Background: Adherent junction associated protein 1 (AJAP1), a typical molecule of adherent junctions, has been found to be a tumor suppressor in many cancer types. Aberrant activation of β-catenin has been demonstrated to be associated with malignant biological properties of tumors including breast cancer. This study aimed to investigate the function and mechanism of AJAP1-mediated β-catenin activity of breast cancer lines in vitro and in breast cancer patients.
Methods: AJAP1 and β-catenin expressions in breast cancer tissues and cell lines were detected by immunohistochemistry, western blotting and qRT-PCR. The EGF/EGFR axis-mediated AJAP1 attenuated β-catenin nuclear location was measured by western blotting, immunofluorescence assay, co-immunoprecipitation, luciferase assay and ubiquitination assays. Furthermore, the function of AJAP1 and β-catenin regulated breast cancer progression was explored both in vivo and in vitro.

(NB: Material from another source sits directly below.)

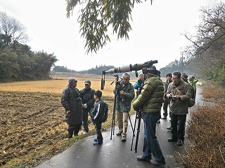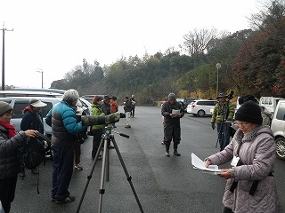 「常滑野鳥の会ミサゴ」の例会に合わせて開催し、集合時間を9時にしました。9時に集合場所へ行った時には、「ミサゴ」の会員さんはすでに駐車場で観察中でした。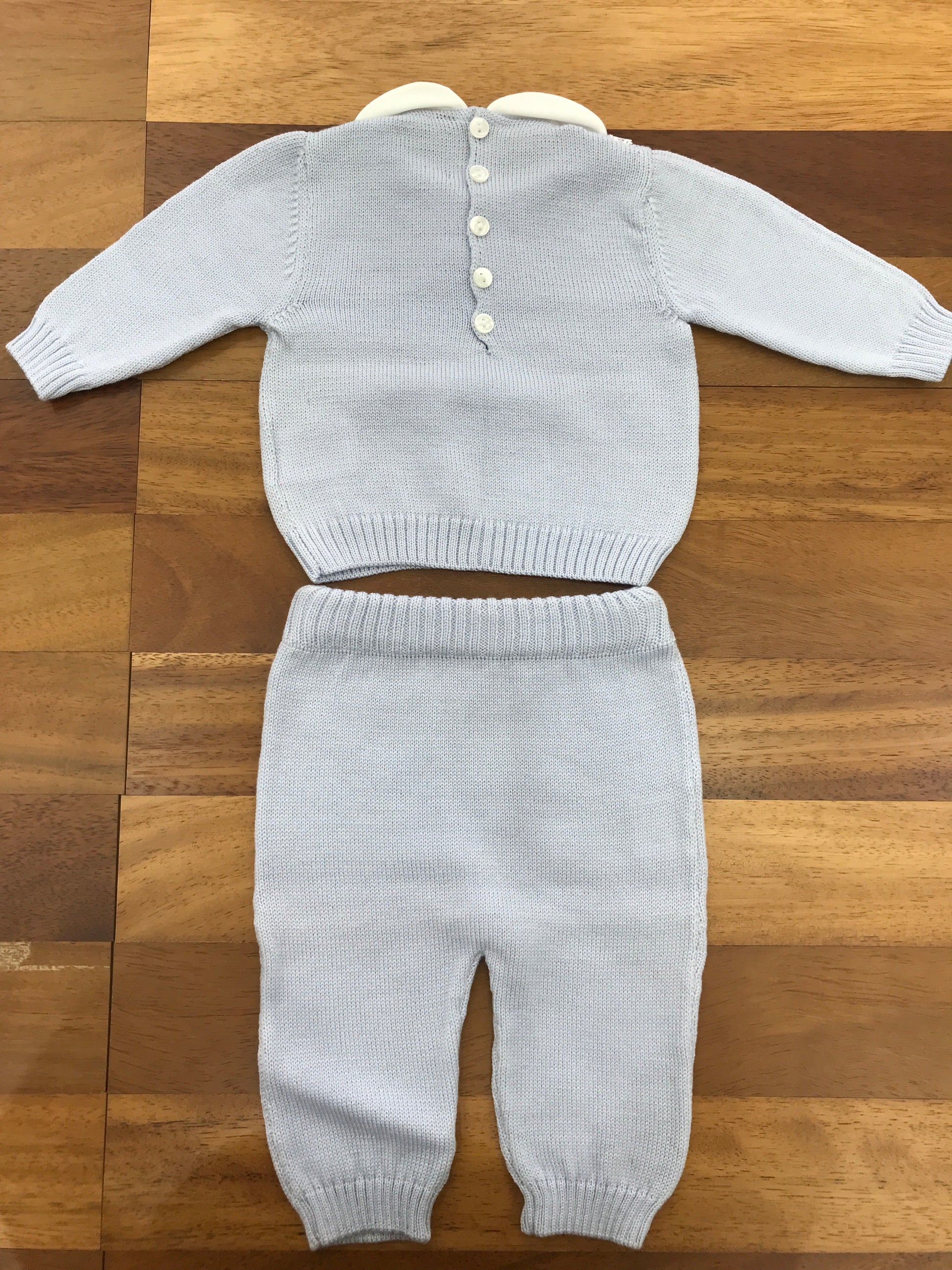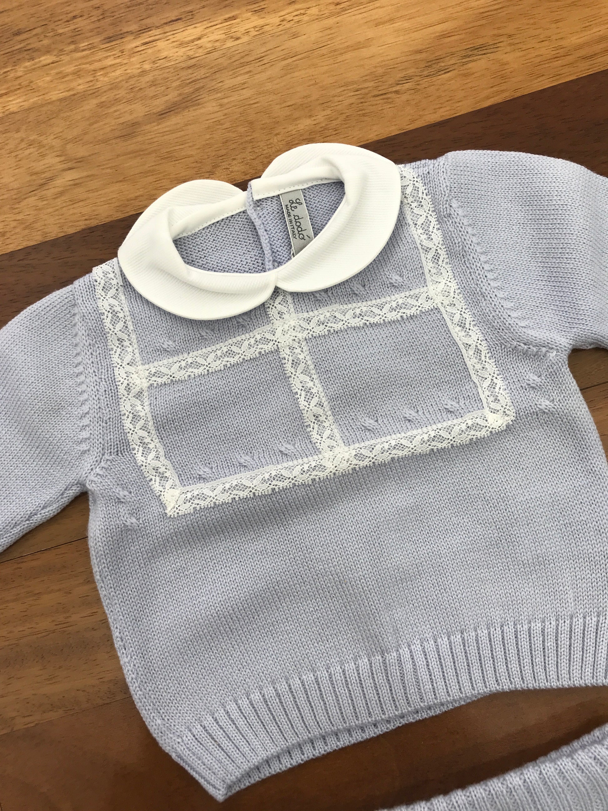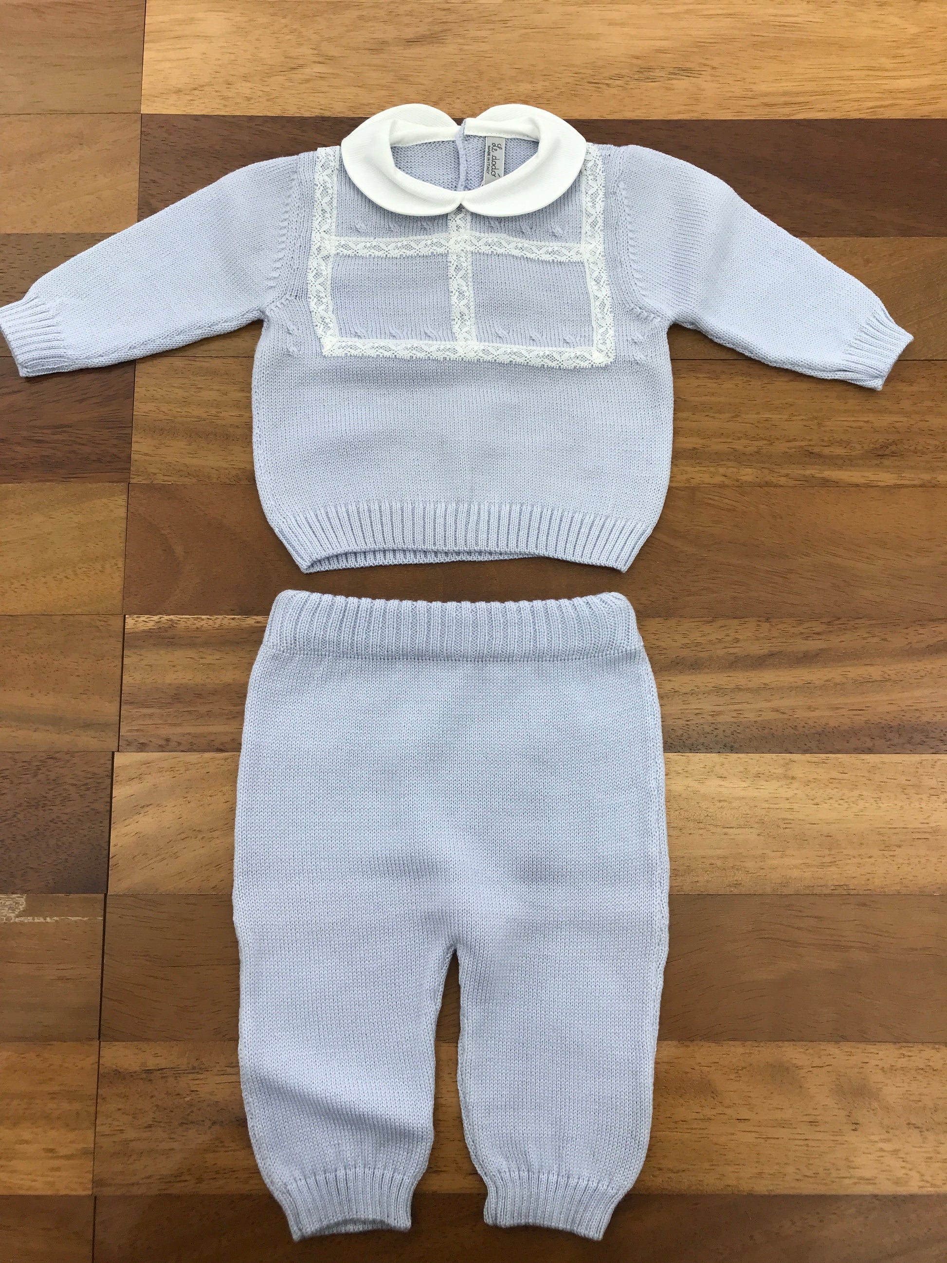 Completo due pezzi in lana senza piedini, caratterizzato da un collo elegante e una raffinata lavorazione Valancienne sul davanti.

Results: It was found that AJAP1 had a high negative correlation with β-catenin nuclear expression and was a novel tumor suppressor in breast cancer. AJAP1 loss can mediate β-catenin accumulated in cytoplasm and then transferred it to the nucleus, activating β-catenin transcriptional activity and downstream genes. Additionally, β-catenin can reverse the invasion, proliferation ability and tumorigenicity of the depletion of AJAP1 caused both in vivo and in vitro. Besides, EGF/EGFR also involved in the process of AJAP1-depiction induced β-catenin transactivation to the nucleus. More importantly, EGFR depletion/AJAP1 knocked down promoted the progression of breast cancer by regulating the activity of β-catenin nuclear transactivation.
Conclusion: This study demonstrated that AJAP1 acted as a putative tumor suppressor while β-catenin nuclear localization positively fed back on EGF/EGFR-attenuated AJAP1 expression in breast cancer, which might be beneficial to develop new therapeutic targets for decreasing nuclear β-catenin-mediated malignancy in breast cancer.
Keywords: AJAP1; EGF; EGFR; Nuclear location; Tumor progression; β-Catenin.